The issue for any communications or marketing executive when you have a company that seems to be surrounded by lousy behavior is they will be missioned to create a positive image in contrast with that behavior. For petrochemical, pharmaceutical, and defense companies that aren’t all that public but also tend to have these problems, this can be done. But for a very public consumer-facing company in near-constant litigation and under anti-trust review, this could be impossible regardless of skill set. And this builds on top of the problem that a woman in a staff position may not have the necessary support in a male-dominated company to use that skillset fully.
My overall point is that while Stella Lowe is one of the most competent executives in her chosen field that I’ve met, Apple’s behavior makes the communications job at that company unusually difficult. This combination could make the job a blame magnet, and the position generally lacks the authority to fix the real problem, which is Apple’s behavior. She’ll have less support and far more significant problems to address than any of the last three companies where she has worked.

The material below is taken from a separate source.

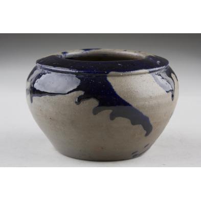 Stoneware low bowl with flat rim and thick cobalt glaze cross runs, with second stamp North State to base. Pictured in W.D. Morton, Jr's "Handmade: A History of the North State Pottery", pg.93.

If Stella succeeds at Apple, and there are few more capable of doing so, it will be a far more significant accomplishment than most will realize, and if she fails, it will have more to do with the company than her, but that too maybe not be taken into account.
If I were to classify difficulty as easy, medium, challenging, and heroic, this job at Apple would be in the heroic class with an off-the-chart level of difficulty. The issue isn’t that Stella doesn’t have the skills, but whether Apple will give her the necessary support and top cover, so she doesn’t become a blame magnet for the firm’s failures in judgment.